ACTIVITY
Please set down the data again exactly, minus the pictures.

GIVEN INFORMATION
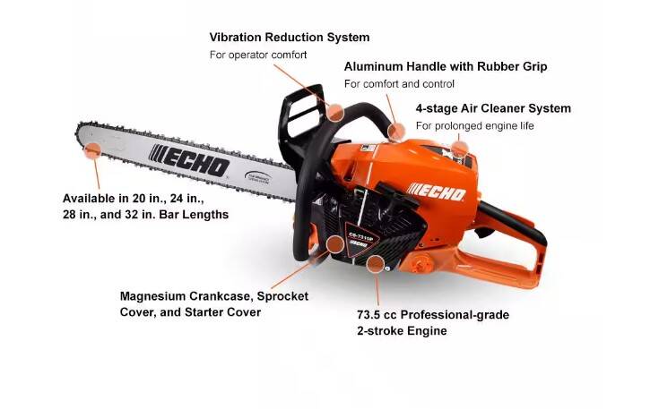 • 73.5 cc professional-grade, 2-stroke engine
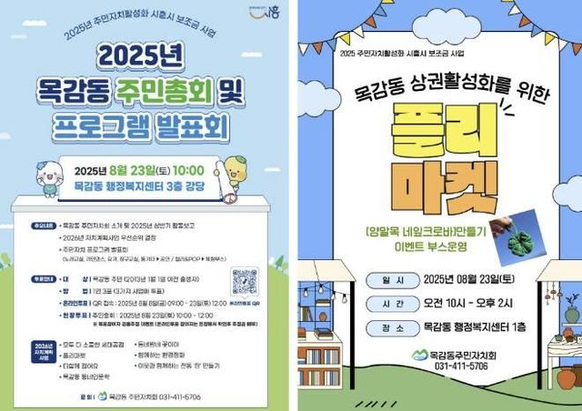 [와이뉴스] 시흥시 목감동 주민자치회는 오는 8월 23일 오전 10시부터 목감동 행정복지센터 3층 강당에서 ‘2025년 목감동 주민총회’를 연다.
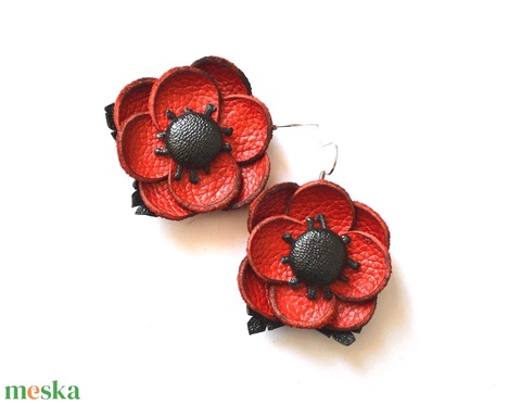 Pipacs-extra fülbevaló valódi bőrből

RESULT OF THIS TASK
 • 73.5 cc professional-grade, 2-stroke engine
 [와이뉴스] 시흥시 목감동 주민자치회는 오는 8월 23일 오전 10시부터 목감동 행정복지센터 3층 강당에서 ‘2025년 목감동 주민총회’를 연다.
 Pipacs-extra fülbevaló valódi bőrből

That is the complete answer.